» Supplied material:

################

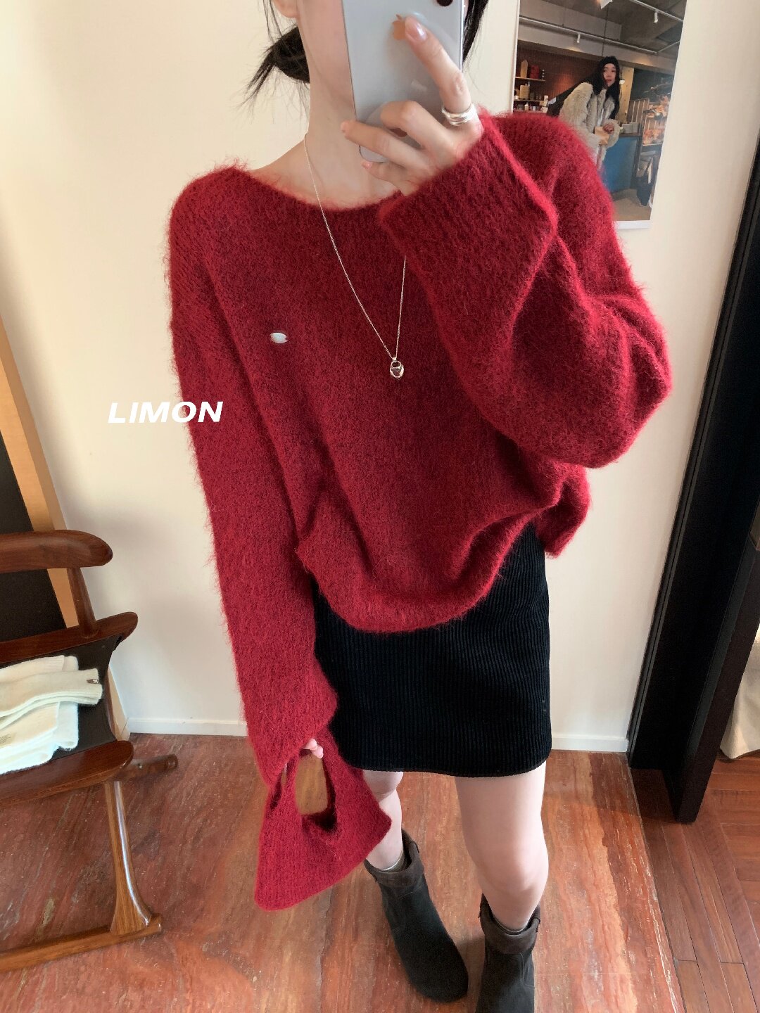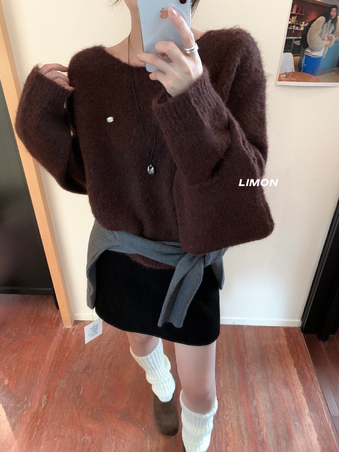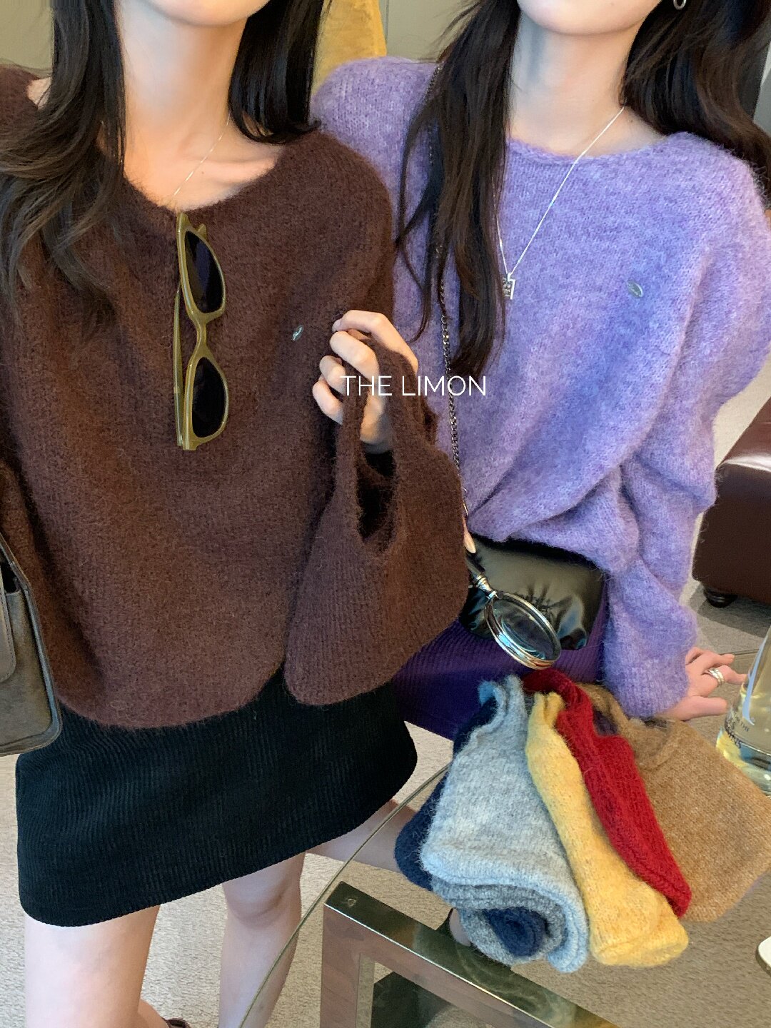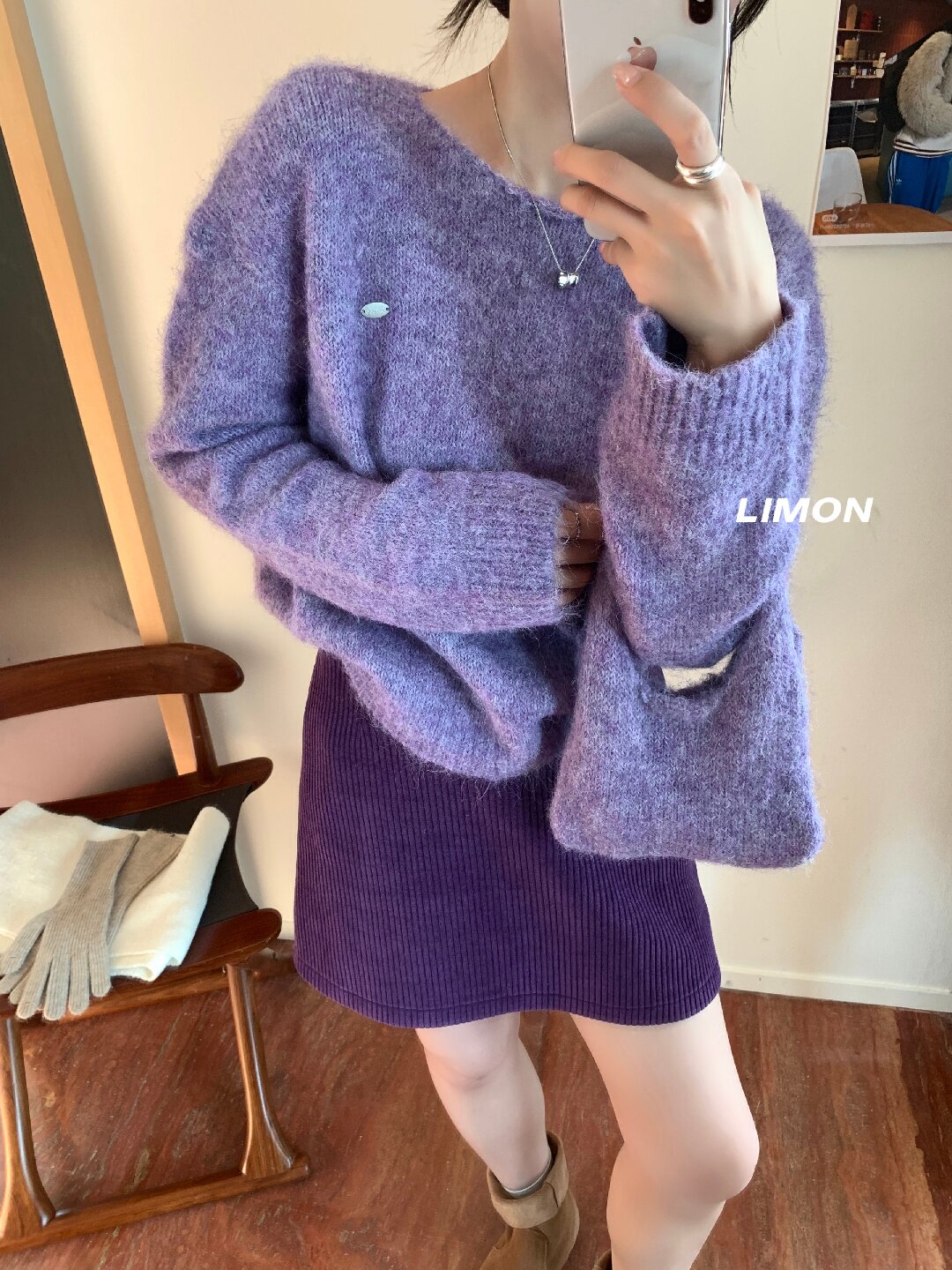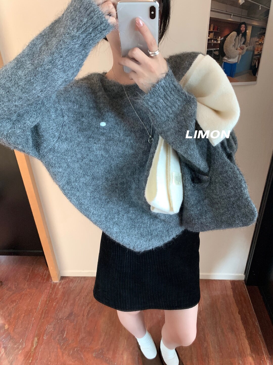 大F小Z溫柔軟糯羊駝毛配包包毛衣女慵懶加厚保暖純色套頭針織上衣
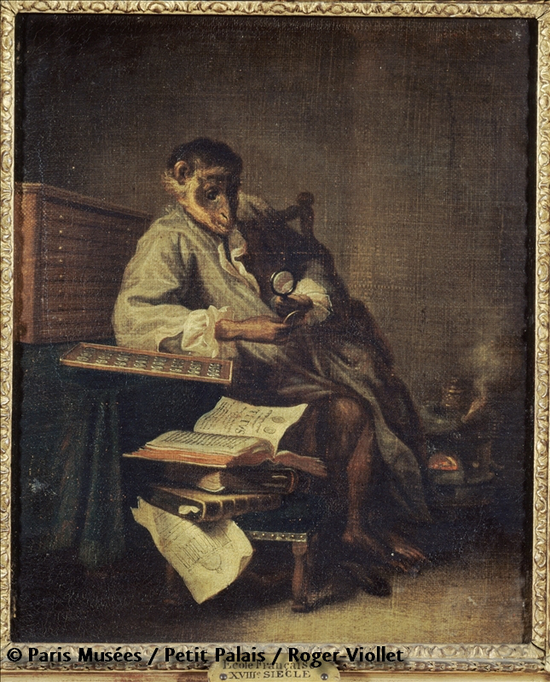 来自小皇宫-巴黎市立美术馆的18世纪的《猴子古币家》有模有样,感觉像是看到了自己……
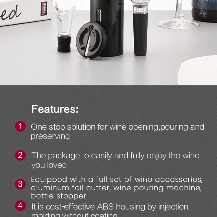• Easy to Use :With its user-friendly design, this electric red wine opener is easy to use, making it perfect for both occasional and frequent wine drinkers.
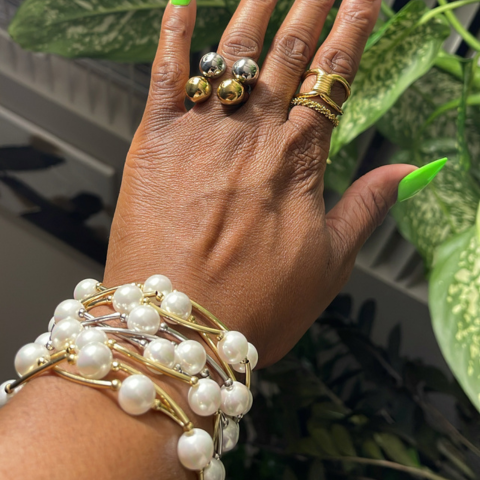 Gold Pearl Stacker Bracelet Set (3)
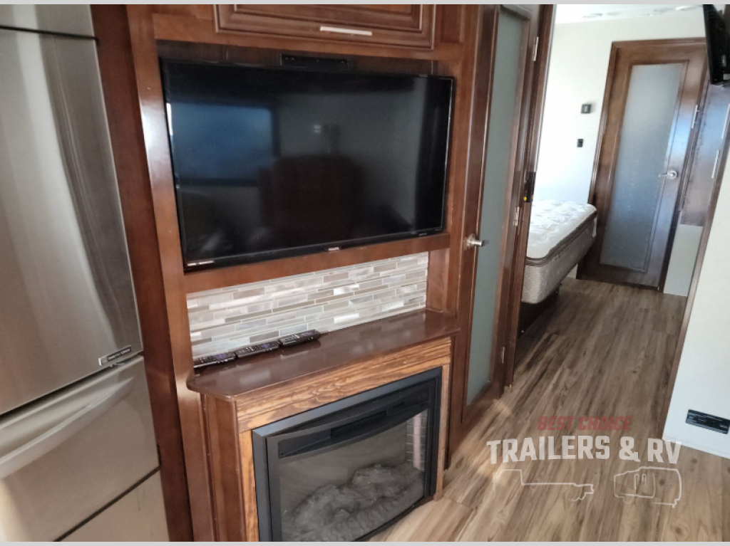 The walk-through bedroom features a king bed slide with overhead cabinets. There is also a wardrobe, TV, and optional washer and dryer.
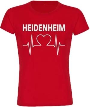 Damen T-Shirt - Heidenheim - Herzschlag - Druck weiß - Frauen Größe M rot
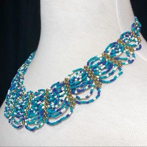 Seed Beads Scalloped Art Bib Multicolor Necklace
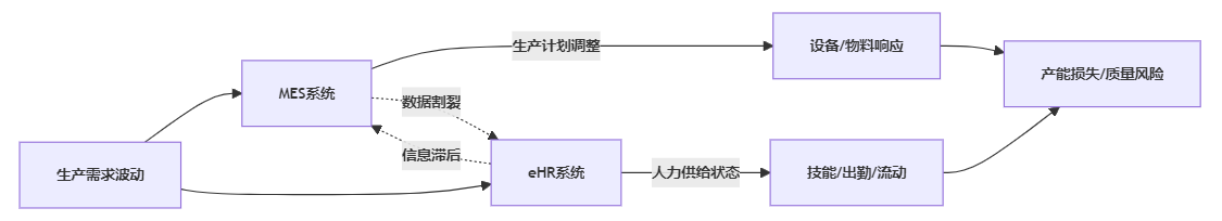 图:MES与eHR割裂导致的制造运营风险传导链

################

» Work to complete:
Only the lines from the start of the records above through the line containing "Seed Beads Scalloped" should be returned, exactly and with both ends, please; the pictures stay out.

» Your solution:
 大F小Z溫柔軟糯羊駝毛配包包毛衣女慵懶加厚保暖純色套頭針織上衣
 来自小皇宫-巴黎市立美术馆的18世纪的《猴子古币家》有模有样,感觉像是看到了自己……
• Easy to Use :With its user-friendly design, this electric red wine opener is easy to use, making it perfect for both occasional and frequent wine drinkers.
 Gold Pearl Stacker Bracelet Set (3)
 The walk-through bedroom features a king bed slide with overhead cabinets. There is also a wardrobe, TV, and optional washer and dryer.
 Damen T-Shirt - Heidenheim - Herzschlag - Druck weiß - Frauen Größe M rot
 Seed Beads Scalloped Art Bib Multicolor Necklace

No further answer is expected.